One factor that has not been investigated exhaustively in previous modelling studies is that of network scale. Most previous studies ([11–14] and see in [11]) have used small neural networks of around 50 nodes or in some cases much fewer. Only one study [15] has systematically considered the issue of network scale in the evolution of modularity. Bullinaria [15] challenged neural networks with a ‘what–where’ task, varied the number of hidden nodes from 9 to 1000, and showed that the architecture evolved through natural selection was always non-modular, regardless of network size. Bullinaria [15] (see also [11]) used a network in which there is no spatial segregation between different inputs on the input layer. An alternative form used in several other studies (e.g. [12–14]) and in this study assumes spatial segregation within the network of different data streams into the network. Here we assume that each input stream is processed by distinct network modules across network layers and all information is integrated late in the information processing sequence. Neural systems of this general form are represented in nature by, for example, the columnar organization of the somatic sensory cortex of mammals [2], the processing of different image attributes within distinct areas of the retina, superior colliculus, lateral geniculate nucleus and early visual cortical areas of primates [16], and the early visual processing apparatus of insects [17].
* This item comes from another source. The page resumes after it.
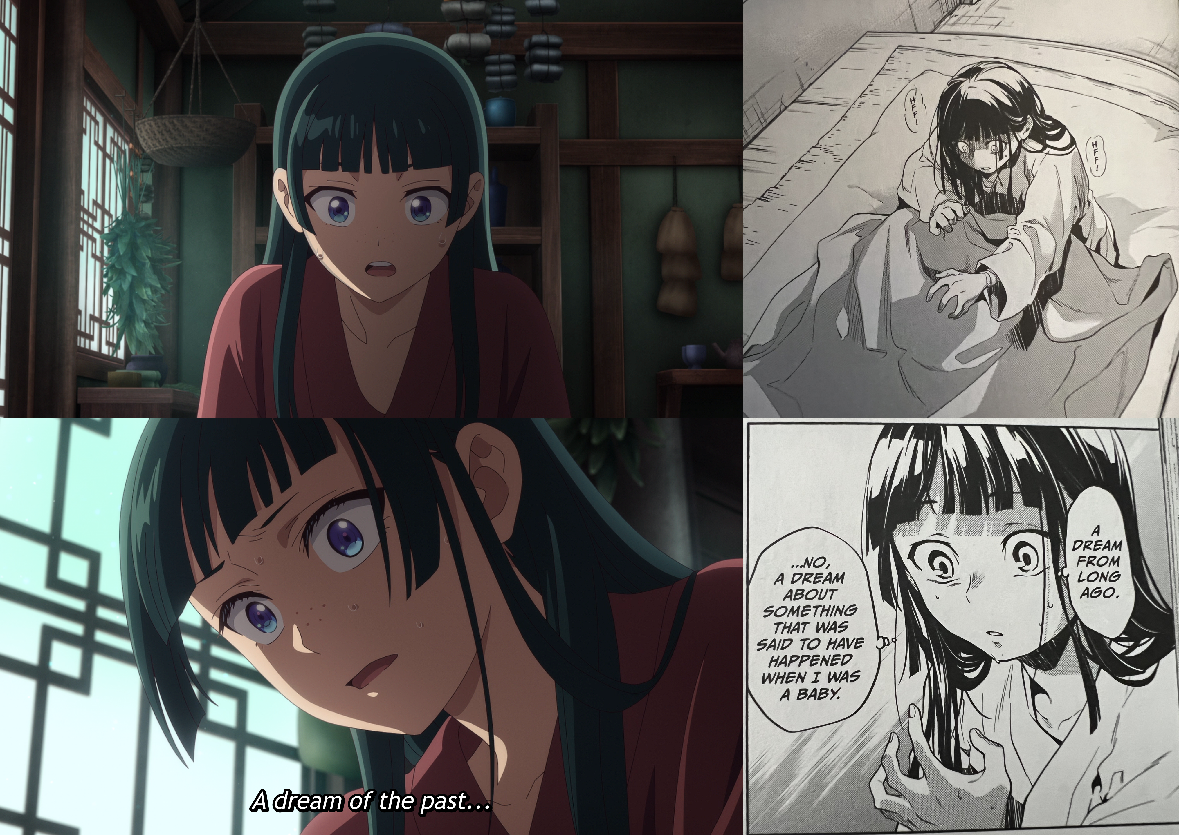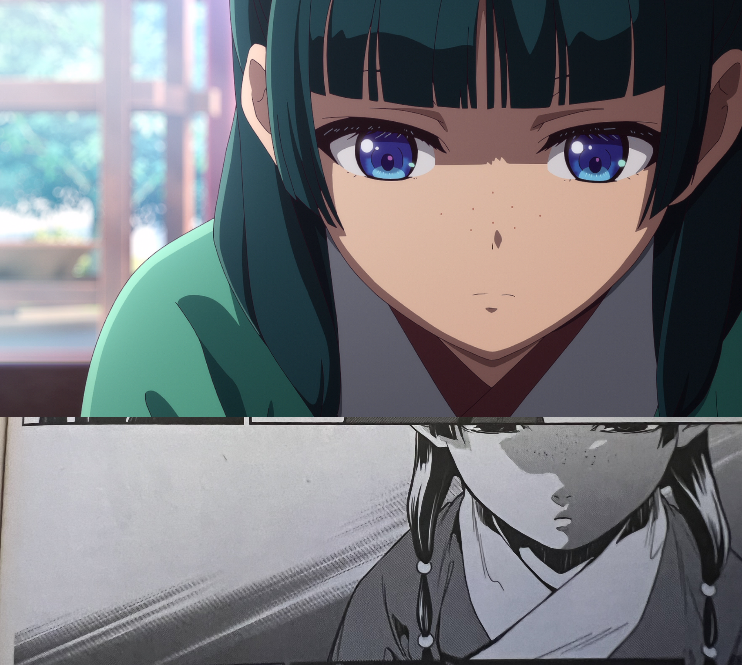 Another example of differences in the anime/manga character designs, and how each medium communicates the same emotions through different expressions. Note how the anime reduces the size of Maomao’s irises and uses details on her brow to show her fright and concern after waking up from her nightmare, whereas the manga instead uses eye shape/style, shading, and unsettled hair to show these same things.

We present simulations in which the (connective weight) training efficiency and ultimate performance of three types of structurally static neural network architectures, each with the same number of nodes, are investigated: the fully connected, non-modular network (FCNMN); the perfectly modular network (PMN); and the sparse, non-modular network with the same number of node connections as the PMN network (SNMN) (figures 1 and 2). Initially, networks are challenged with the task of identifying a subset of random input patterns from a larger set of random patterns. We compare the performance of ‘small’ (16 input nodes, 8 hidden nodes, 1 output node) networks of the above three types with ‘large’ (96 input nodes, 48 hidden nodes, 1 output node) networks of the same three types. Large modular networks are produced by maintaining module dimensions but increasing module number, with a concurrent increase in the number of data input streams. By varying network input and task, network output encoding and artificial neuron properties, simulations are repeated in four system states to determine the robustness of effects. Additionally, we undertake a less-detailed analysis (less replicated and no sensitivity analysis) of network efficiency across a greater range of network size to inform on the efficiency–size relationship of each network type.

## 2. Material and methods

### (a) System state 1

We ran simulations in four distinct system states to determine how robust the effects are. We describe in detail only system state 1, and changes to this system associated with the other three states are described in the next section.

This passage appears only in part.